The same argument you make was once used to dismiss the value of metrics in
other more free-flowing and less-constrained sports like basketball, but
analytics has become a staple of the sport ever since. [1] And since then,
advanced metrics have even found their way into Mixed Martial Arts (MMA), of
all things. [2]

Sure, starting a company is obviously very different from sports and building
a sports team, but I don't think it's THAT different. Sports is essentially a
simulation of real life, and I think the move to using advanced metrics in
startups is inevitable. If you think about it, even startups are a highly
constrained and simplified (i.e. smaller-scale, less people, more uniform
"path", etc.) version of running a big business.

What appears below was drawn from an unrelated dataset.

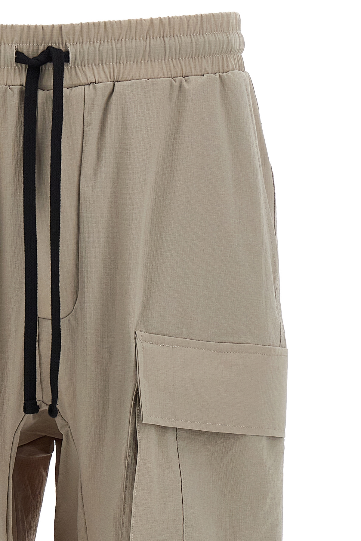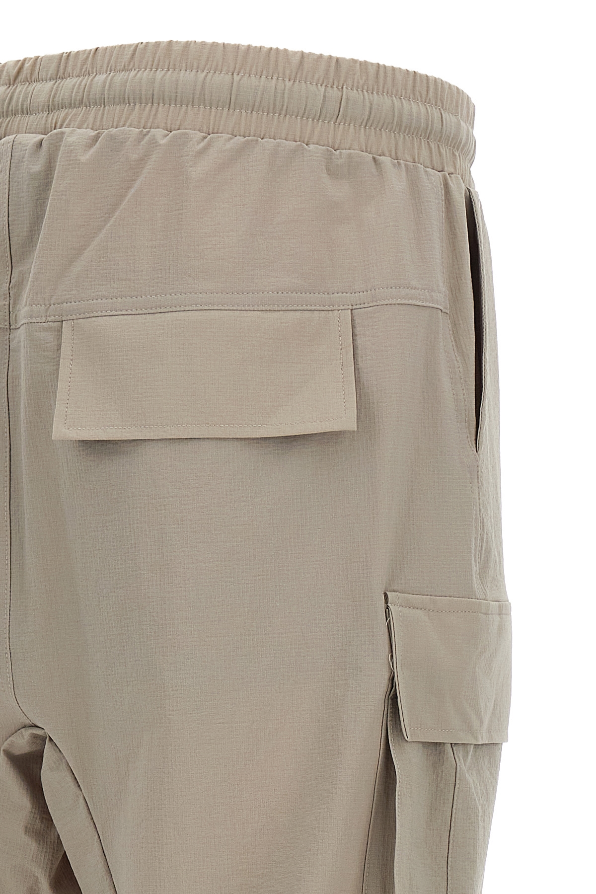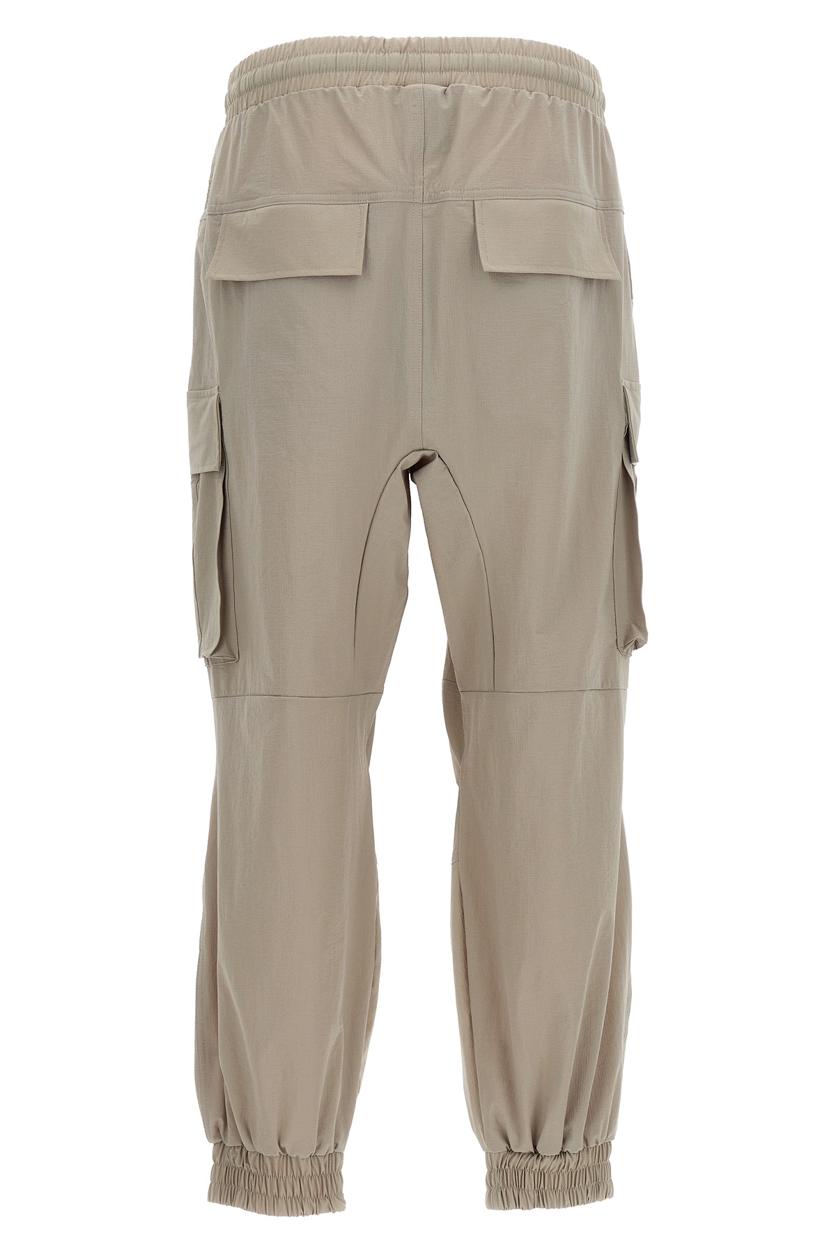 Stretch nylon cargo pants, elastic and drawstring at the waist, flap with buttons, pockets, elastic ankle.

I see no real reason, besides
general skepticism, why metrics cannot be used to improve the startup
fundraising process.

[1] <http://en.wikipedia.org/wiki/APBRmetrics>

[2] <http://www.sloansportsconference.com/?p=8966>

------
lettergram
If anyone read the Fountainhead you can call those groups Keating's and
Toohey's

------
Aqueous
Everything is political, because everyone else is political, except for me -
I'm not political.

The winners of the political game are the same individuals who reinforce the
political game, and the people who complain about the politics are inevitably
the ones who can't muster the energy for fake affection, enthusiasm, flattery,
obsequiousness and therefore lose the political game.

As soon as something has become a culture in itself it is already too late -
it is and will forever be political, til the very beginning of the next big
culture shift, which will also inevitably become political.

It's self-selecting, and it's been going on since the beginning of history.

The only answer is to not give a shit. To not complain about politics, or if
you happen to be a winner of politics, to be self aware enough not to then
turn around and reinforce the game that you just won at.

------
tudorconstantin
The OP is presenting this as if the objective of every startup is to get
fundings or to get acquired. It's not.

The objective should be to help a big number of users with something and make
profit.

Funding should be just a tool to help you achieve that if you can't bootstrap
your business. If there are VCs who fall for tricky presentations, they'll
soon realize that it is not that fun to lose money investing in startups with
no future.

------
orangethirty
The rise? Has anyone not paid attention to history? Entrepreneurs have always
directly influenced policy.

------
skreech
If there are two camps, these would rather be 'those who want to build a
business' (sending invoices, paying customers, etc) and 'those who want to
make a big flip' (with major financial rewards)

Since VCs (and indirectly LPs) are in the business of growing money, they will
follow the money.

------
jezclaremurugan
Its not as scary as it first appears as VCs have a huge incentive to correct
this while in the corporate world, the incentive to correct it is quite less.

------
michaelochurch
I feel like the douche-pocalypse described by OP has already happened. It's
not a future threat. It's how most people have to live. The Apple founders
would be unable to get funding these days. They wouldn't even get a meeting.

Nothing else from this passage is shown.